Gu Zi se sorprendió un poco, pero pronto encontró la situación razonable. Después de todo, Yang Zhen y Guan Xin compartían un vínculo cercano, y la familia Guan era bastante abierta. A diferencia de otras familias prestigiosas, no menospreciaban a las mujeres de orígenes ordinarios.

—Entonces, tu relación con Guan Xin no es tan simple como ser buenos compañeros de clase. Felicitaciones, debo celebrar con un brindis en tu boda —le dijo ella a Yang Zhen.

—Tu presencia en el banquete de bodas es imprescindible. Espero que nos honres con tu presencia —respondió Yang Zhen, naturalmente encantado.

Los dos adultos, demasiado perezosos para moverse, se sentaron en la manta de picnic, picoteando comida de vez en cuando y charlando tranquilamente. Gu Zi, habiendo comido hasta saciarse y disfrutando del calor del sol en su espalda, de repente sintió una abrumadora oleada de somnolencia. Quería dormir y le pidió a Su Le que jugara con Yang Zhen mientras ella tomaba una siesta.

Viendo a Gu Zi en este estado, Yang Zhen, sosteniendo a Su Le, se rió.

—No sé por qué, pero tu madre parece un poco lenta hoy. Déjala dormir un rato. Tu padre no está en casa, y ella tiene que cuidar a varios niños sola. Es bastante agotador. Pero nuestro Lele es tan bien portado, tu madre debe estar cansada pero feliz.

Y así, Yang Zhen entretuvo a Su Le, y los dos jugaron un rato.

Gu Zi se despertó veinte minutos después. Sentándose, pareció notar algo extraño y se volvió hacia Su Bing.

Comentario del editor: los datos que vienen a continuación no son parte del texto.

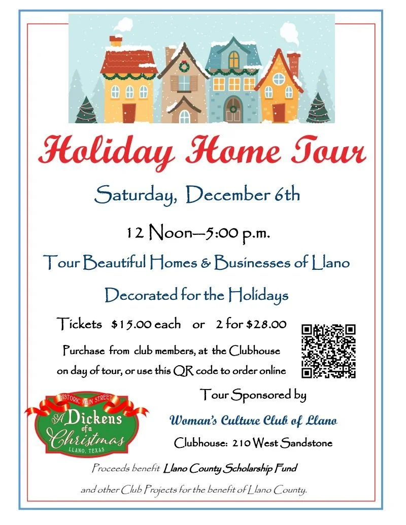 Back to All Events Woman's Culture Club of Llano Holiday Home Tour Saturday, December 6, 2025 12:00 PM 5:00 PM Woman's Culture Club Clubhouse 210 West Sandstone Street Llano, TX, 78643 United States (map) Google Calendar ICS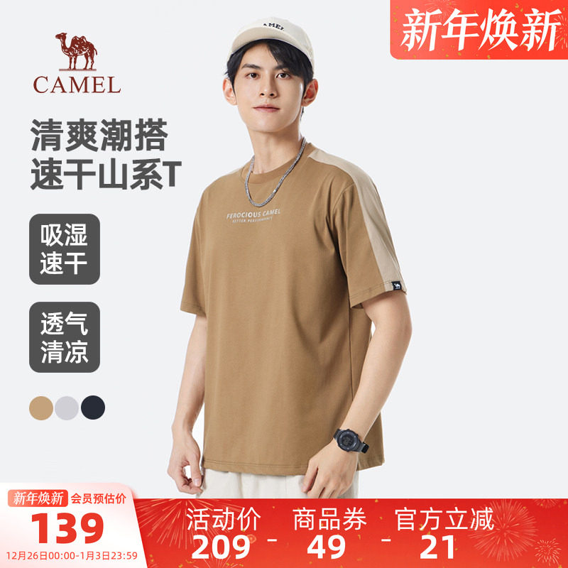 骆驼男装T恤男款运动夏季圆领短袖宽松透气弹力时尚潮流半袖上衣

—Su Bing, ¿han vuelto tus hermanos? ¿Por qué no está Jiang Nuan aquí?

Su Bing había estado absorto en resolver problemas. Señorita Mi le había enviado un grueso libro de matemáticas avanzadas, cuyos problemas eran bastante desafiantes.

Aunque Su Bing recordaba el recordatorio de su madre de descansar bien, trabajaba en los problemas siempre que tenía tiempo libre, encontrándolos cada vez más adictivos. Incluso durante el picnic, había traído el libro consigo.

Ante la pregunta de su madre, finalmente levantó la vista, mirando hacia el pequeño bosque al norte.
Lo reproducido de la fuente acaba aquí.